February 7, 2012, is the 200th birthday of Charles Dickens. The best of times, or the worst of times? One wonders if Dickens, who died thirty years before the turn of the 20th Century, would be pleased to know that his stories and characters are remembered well into an era he could not have conceived, yet arguably might have found a home in. You don’t have to have read his entire catalogue, or even a single volume of his works to know names like Oliver Twist, David Copperfield, Nicholas Nickleby, the Artful Dodger, Miss Havisham, Sydney Carton and Charles Darnay, and perhaps most notably, Jacob Marley, Tiny Tim and Ebenezer Scrooge. As I’ve observed before, how we celebrate Christmas today is largely the result of how Dickens portrayed it. Dickensian is a familiar adjective that conjures immediately an idealized image of the grand old city of London, his everlasting muse. Stylistically, Dickens was a master of character, an expert wielder of the cliffhanger. Socially, he was a champion of the poor, an advocate of justice and a relentless believer in the capability of good to triumph over evil. Story was his sword, and with it he carved himself a legacy still seen in the most popular fiction of today – particularly that which celebrates the underdog and his fight against overwhelming odds.
The romanticism of the Dickensian tale resonates to this day, I believe, because he recognized that we all crave that same heightened sense of adventure in our own lives. Edyta Śliwińska of Dancing with the Stars fame, in discussing the various failed relationships that had sprung up between celebrities and partners during the course of the show, cannily observed their failure to know the difference between intense attraction and a lasting emotional connection – the mistaking, as it were, of movie love for real love. Fictional romances, whether on the screen or in printed pages, are a powerful narcotic because of their savvy manipulation of the universality of emotions. We want to be swept off our feet in slow motion to the swell of orchestral strings and walk into the sunset of the happily ever after. It is not that our real lives are less interesting – far from it when closely examined – but we are drawn in by the heightened and artificial reality of the story. The natural ebbs and flows of relationships are compressed into 90 minutes, the sweet moments escalated into diabetic fits of ecstasy.
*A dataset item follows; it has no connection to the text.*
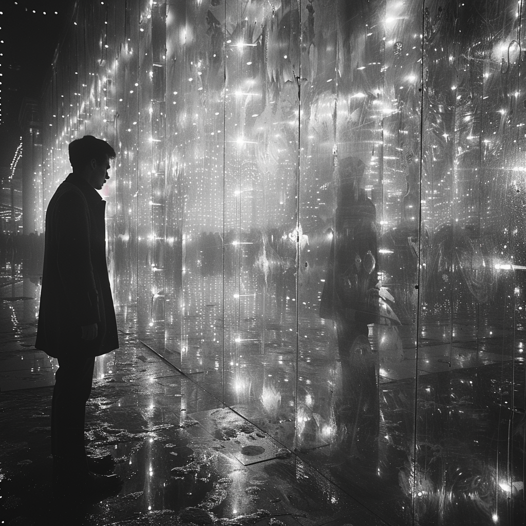 Diese cinematische Schwarz-Weiß-Vision wird zur Meditation über die Poesie der urbanen Schattenwelten. Die Silhouette vor den regennassen Fenstern, umhüllt von den tausend Lichtern der nie schlafenden Metropole, verkörpert jene universelle Erfahrung des modernen Menschen: dass wir inmitten all der scheinbar dunklen Räume der Nacht in der Stadt einen magischen leuchten Glanz entdecken können. Die Regentropfen auf dem Glas werden zu Spiegelung der Stadt selbst – jeder Tropfen ein anderer Traum, jede Reflexion ein Versprechen an die Nacht.

In the story you don’t see the sitting up at three a.m. worrying while your partner squats noisily on the toilet, and any screaming matches usually only happen in the last third of the second act; once the screen goes to black and the credits roll, all is right in the world forever and evermore. Real love is messy, and angry, and hurtful, even hateful at times. But it is real, and unlike the movie, it is lasting.
Why then, do we still want the storybook version? It is perhaps a gut reaction to the madness of the world outside, an existential search for meaning in the face of suffering. I choose to see it as a case for optimism about the nature of humanity. Like all of nature’s creatures we are designed for survival at all costs, often by the cruellest methods available to us. Yet paradoxically we are still drawn toward the positive, the sense of anticipation of the prosperous future. We hunger for the reassurance of the triumph of good against evil no matter what the stakes, or the cost. Charles Dickens knew it, and could translate that longing into characters and tales into which we could invest ourselves. That, I think is the key to Dickens’ lasting appeal – the nurturing of that tiny flame which continues to burn in every human heart, no matter how downtrodden, how wracked with despair at seemingly unending misery. The longing for the light. The everlasting sense of hope.
And I’m told he had great legs too.
Excellent article. Alas not into Dickens. Too bleak.